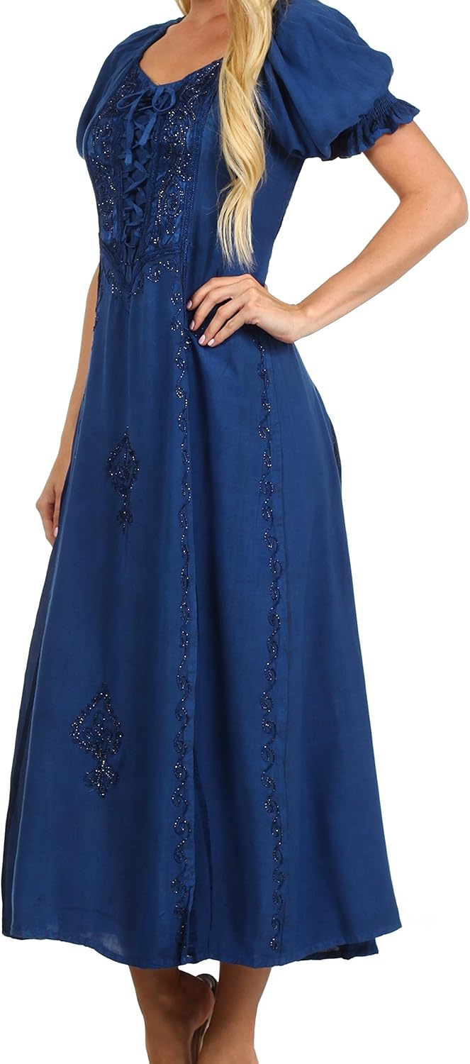 Sakkas' stonewashed rayon dresses feature delicate embroidery, beautiful rich colors and easy comfortable style. Enjoy wearing a flattering feminine dress without sacrificing comfort!
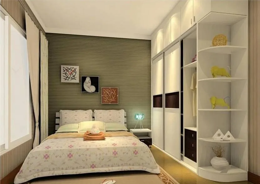 В комнате достаточно будет установить кровать-трансформер, тумбочки квадратной формы, шкаф-купе и навесные полки из пластика или металла.
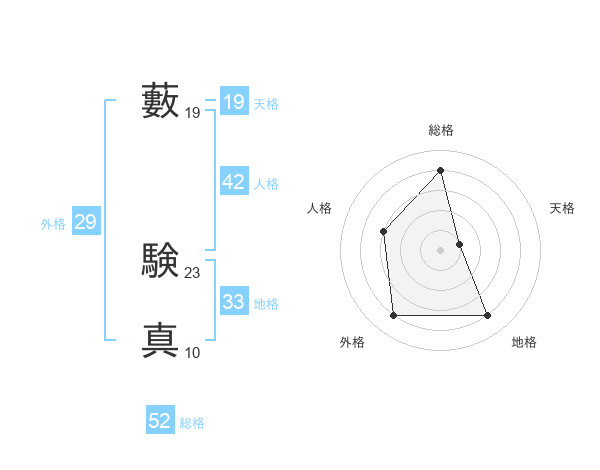 藪 験真さんの総格は52画の4点!
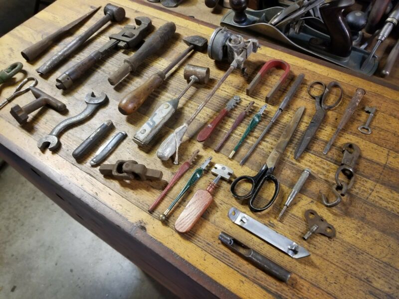 Title (ebay affiliate link): ANTIQUE Tools Mixed Tool Lot VINTAGE Brass Copper Hammers Collectible Smalls US
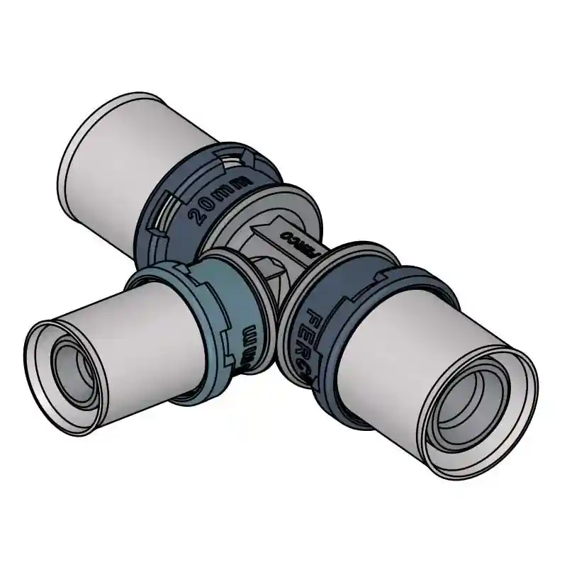 El Te Reducida Press Fitting FERCO Ø 25-16-20 es una solución de alta calidad para instalaciones de aire, agua caliente sanitaria (ACS) y calefacción. Fabricada en tecnopolímero PVDF, esta pieza garantiza un rendimiento óptimo en diversos sistemas gracias a sus propiedades técnicas avanzadas y diseño funcional.

___

- Requirement: Retype the lines above exactly, no pictures.

- Result:
 Sakkas' stonewashed rayon dresses feature delicate embroidery, beautiful rich colors and easy comfortable style. Enjoy wearing a flattering feminine dress without sacrificing comfort!
 В комнате достаточно будет установить кровать-трансформер, тумбочки квадратной формы, шкаф-купе и навесные полки из пластика или металла.
 藪 験真さんの総格は52画の4点!
 Title (ebay affiliate link): ANTIQUE Tools Mixed Tool Lot VINTAGE Brass Copper Hammers Collectible Smalls US
 El Te Reducida Press Fitting FERCO Ø 25-16-20 es una solución de alta calidad para instalaciones de aire, agua caliente sanitaria (ACS) y calefacción. Fabricada en tecnopolímero PVDF, esta pieza garantiza un rendimiento óptimo en diversos sistemas gracias a sus propiedades técnicas avanzadas y diseño funcional.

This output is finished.